C’est évidemment seulement après la Résurrection que toute cette dimension sera perçue par les disciples. Pour le moment, c’est la vision de Jésus en gloire, la révélation de sa divinité. Pour cela, on accumule les éléments qui sont révélateurs de la présence divine dans de telles occasions. Jésus et ses disciples sont montés surune haute montagne: la montagne est un lieu de rencontre de Dieu comme pour Moïse au Sinaï et Elie à l’Horeb. Jésus est métamorphosé, dit le grec, devant ses disciples. Ses vêtements, qui représentent sa personne, deviennent resplendissants d’une blancheur sans pareille. Les vêtements blancs sont le signe des élus en présence de Dieu comme la luminosité est le signe de la gloire de Dieu qui accompagne l’ange du Seigneur lorsqu’il annonce la naissance de Jésus aux bergers. La présence de Moïse rappelle la présence de Dieu au Sinaï, le don de l’Alliance, la Loi, tandis qu’Élie représente les prophètes. Jésus amène à la perfection la Loi et les Prophètes.

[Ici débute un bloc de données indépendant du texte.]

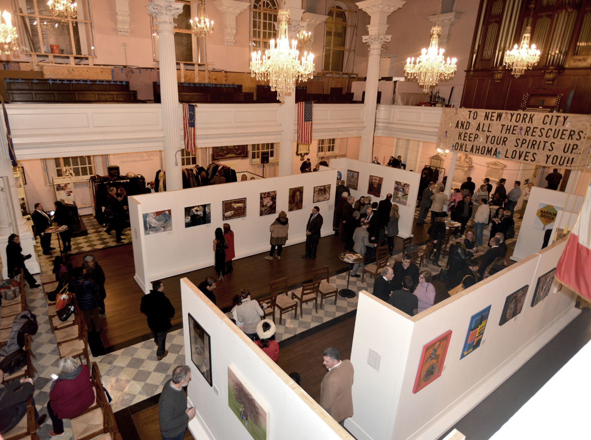 Additionally, we simultaneously organize the tour, as the exhibition is held in varying locations rather than in a consistently fixed setting, allowing flexibility to respond to world events, arising invitations, opportunities and needs. Our exhibitions are often held in heavily trafficked public spaces, or even “sacred spaces,” as opposed to only traditional art venues in order to maximize viewership from the widest possible demographic. The atmosphere of the exhibition space is important to us, as we wish it to have a contemplative nature, if at all possible, to facilitate the message of the art exhibition. As referred to earlier, an exhibition itself serves as a catalyst for the development of a variety of programs and events around it to stimulate discussion, dialogue and education, promoting further understanding (e.g. talks, forms, lectures, music, literary readings, film screenings, panels, children’s activities, school class field trips, etc.).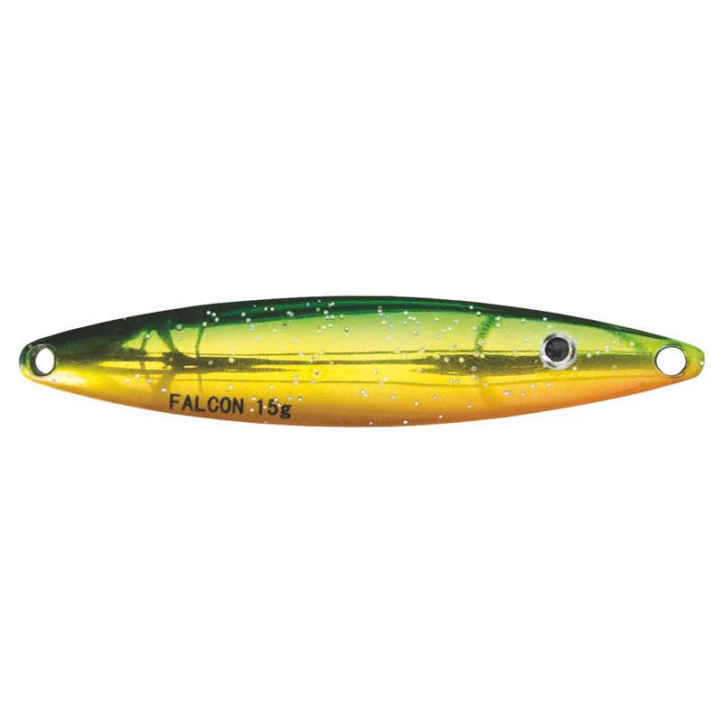 Het is sterk gebogen, wat de lepeltrekker een unieke en aantrekkelijke gang in het water geeft. Natuurlijk wordt Falcon geleverd met ringen, paai, en haak, klaar om mee te vissen. Falcon wordt vervaardigd in een volautomatische stans- en buigmachine, wat een zeer hoge en gelijkmatige kwaliteit garandeert. Falcon Zeeforel sleepnet is gemaakt van messing.

Pierre est saisi de crainte. Cette crainte revient dans les expériences de la présence de la divinité. Il voudrait garder cette présence et fait une suggestion naïve de trois tentes pour garder les trois personnages. Une nuée vient les couvrir. La nuée dans l’Exode était le signe de la présence de Dieu qui guidait et protégeait son peuple. Elle est comme l’ombre qui est venue sur Marie au moment de l’Incarnation. C’est de cette présence que vient la parole: “Celui-ci est mon Fils bien-aimé. Écoutez-le.”

Ils redescendent de la montagne. C’est le retour à la vie normale et parfois brutale. C’est l’endroit aussi où vivent les lecteurs de Marc à Rome dans des temps difficiles. C’est là qu’on répond à la demande: “Écoutez-le.”